Given the multifarious roles that IDPs play in a variety of cellular functions, there is an urgent need to decipher the physical principles governing IDP structure, and dynamics, at the molecular level. We have introduced a robust coarse-grained model for IDPs (SOP-IDP), which quantitatively reproduces the SAXS profiles for a diverse range of sequences and length varying from 24 to 441 residues. The parameters of the force field were calibrated via a learning procedure, using a few test sequences, and once optimized they were unaltered for 24 other IDP sequences of varying composition, charge densities, and sequence lengths.

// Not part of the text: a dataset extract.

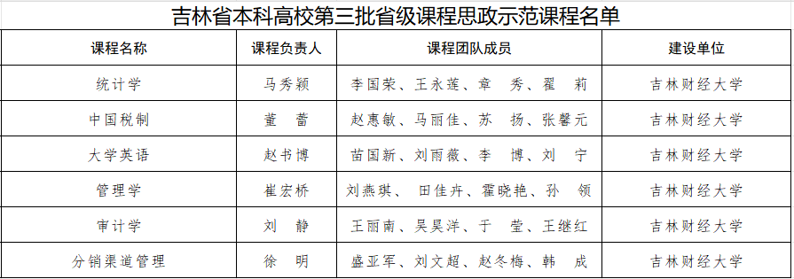 近日,吉林省教育厅公布了全省本科高校第三批省级课程思政示范课程名单,共遴选认定省级课程思政示范课程164门,其中我校的《统计学》《中国税制》《大学英语》《管理学》《审计学》《分销渠道管理》等6门课程成功入选,实现了学校在课程思政建设方面的又一新突破。一直以来,学校始终坚持立德树人根本任务,持续优化课程思政教育内容,积极探索创新课程思政建设方法路径,切实提升教师课程思政育人能力,着力强化课程思政建设...
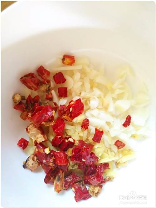3.大蒜头四五瓣,用刀拍扁以后再切成蒜丁,红辣椒切成一小段,生姜两片切成生姜粒。

Although globally the sizes of the IDPs follow the well-known Flory scaling law obtained for synthetic polymers, equilibrium populations of different substates strongly depend on the precise IDP sequence. In the conformational substates of IDPs, we find evidence for specific weak intramolecular interactions between certain residues, giving rise to population of conformations with local structures. We also show that the adaptability of IDPs arising from their conformational plasticity, which cannot be anticipated using sequence characteristics (such as fraction of positively and negatively charged residues) alone,²⁷ is important in their ability to interact with a multitude of partners to form fuzzy complexes stabilized by specific intermolecular interactions. Our work lends further credence to an existing viewpoint that the observed sequence-dependent conformational heterogeneity determines the functions of IDPs. The accuracy of the computations in describing the equilibrium ensemble of a number of IDPs sets the stage for describing IDP- RNA interactions, which is needed to understand ribonucleo-protein stress granule formation in eukaryotes, as well as quantitative descriptions of the formation of biomolecular condensates at the molecular level.